At the end of a six-hour session, I felt as if I had been through six months of psychotherapy, as though I had lived a whole other life before coming home to my own skin and my own reality. In the days after, I felt more grounded, grateful, and stable. I felt more loving toward my friends, family, and even strangers. I was overwhelmed with appreciation of the beauty and mystery of life. Almost two years later, I still feel the lingering effects and the lessons of that first session. I know in my bones that God does not expect me to act grateful when I’m not, to feel the way I think I “should” feel. And that makes me more free to be truly grateful and to love.

Psychedelic-assisted therapy is an emerging field. It is being tested as a treatment for drug addiction, PTSD, and treatment-resistant depression. It has shown promise in reducing recidivism among ex-prisoners. One friend I know kicked a 30-year heroin habit after one session with an indigenous plant medicine. He has been clean ever since.

There is a lot of hype about psychedelics and psychedelic-assisted therapy, and I think it is important to remain cautious about “new” therapies. People who are chasing an experience may not reap the full benefit of these substances because there is psychological, internal work that needs to happen in tandem. It cannot replace talk therapy. Our capitalist, consumerist, pharmacological approach to physical and mental health is about pill-popping and miracle cures, about “superfoods” and consuming or avoiding the trendy ingredient du jour. Big Pharma, like other industries, only makes money by commodifying wellness. My fear is that psychedelic therapy will experience the same fate.

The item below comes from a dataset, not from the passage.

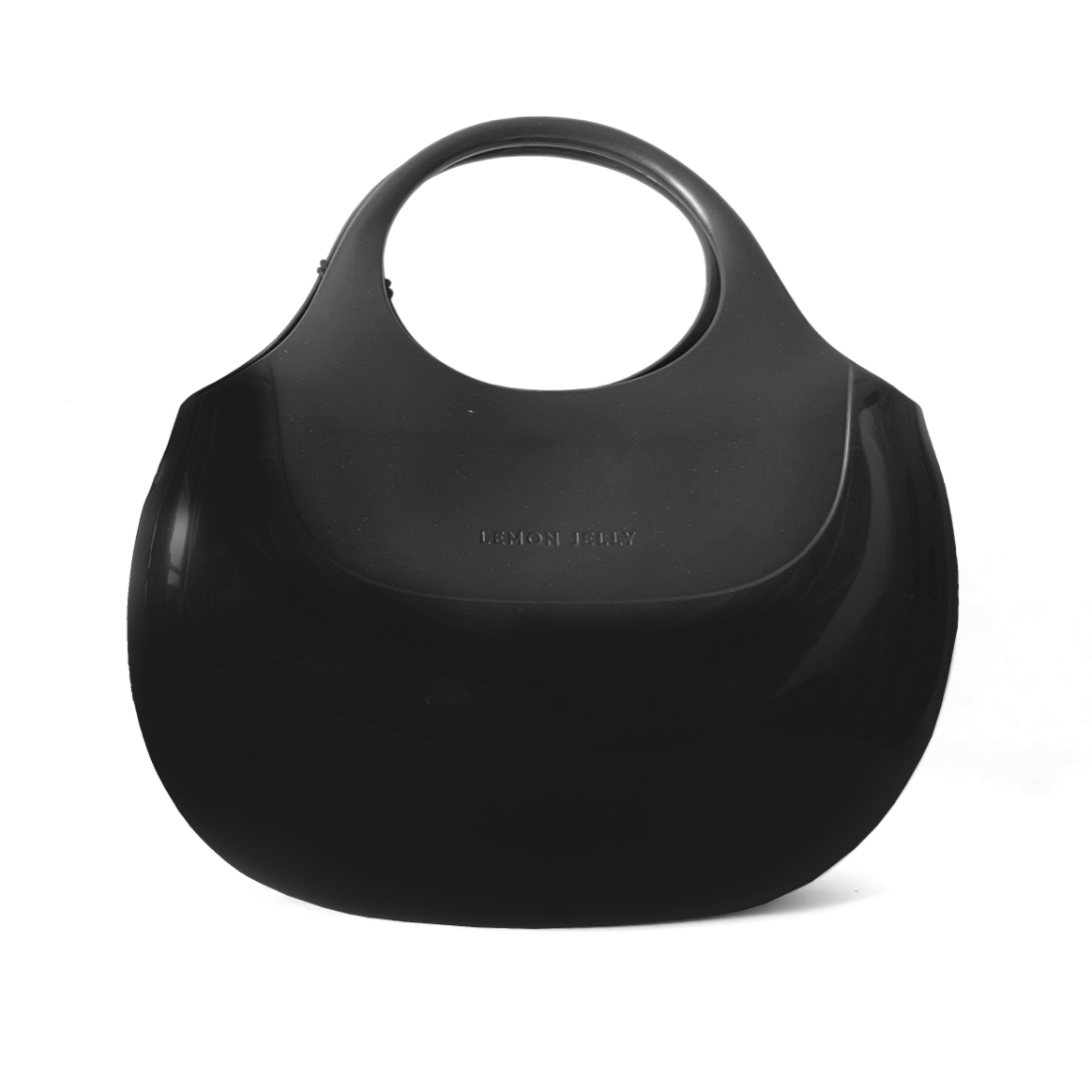 Bauletto in ecopelle nera con dettaglio di fiocco in pvc, tracolla in techno webbing.

But its roots are in positive psychology, indigenous practices, and holistic understandings of mental health and human society. Not only does it have the potential to help people who are suffering from mental illness, it has the potential to help “well” people thrive.

I wanted to spend this week focusing on drug policy and the church because this is a prime example of the way racism hurts everybody. These substances have been locked away for fifty years because the Nixon White House—and subsequent leaders—wanted to disrupt Civil Rights and the antiwar movements. Instead of healing people, we’ve been locking them away for decades, creating more generational trauma instead of healing it.

But there is a better way for us to be.

Prayer:
God of Salvation, you salve our wounds and heal all our diseases. Help us to be agents of healing in our selves, our culture, and our planet. Amen.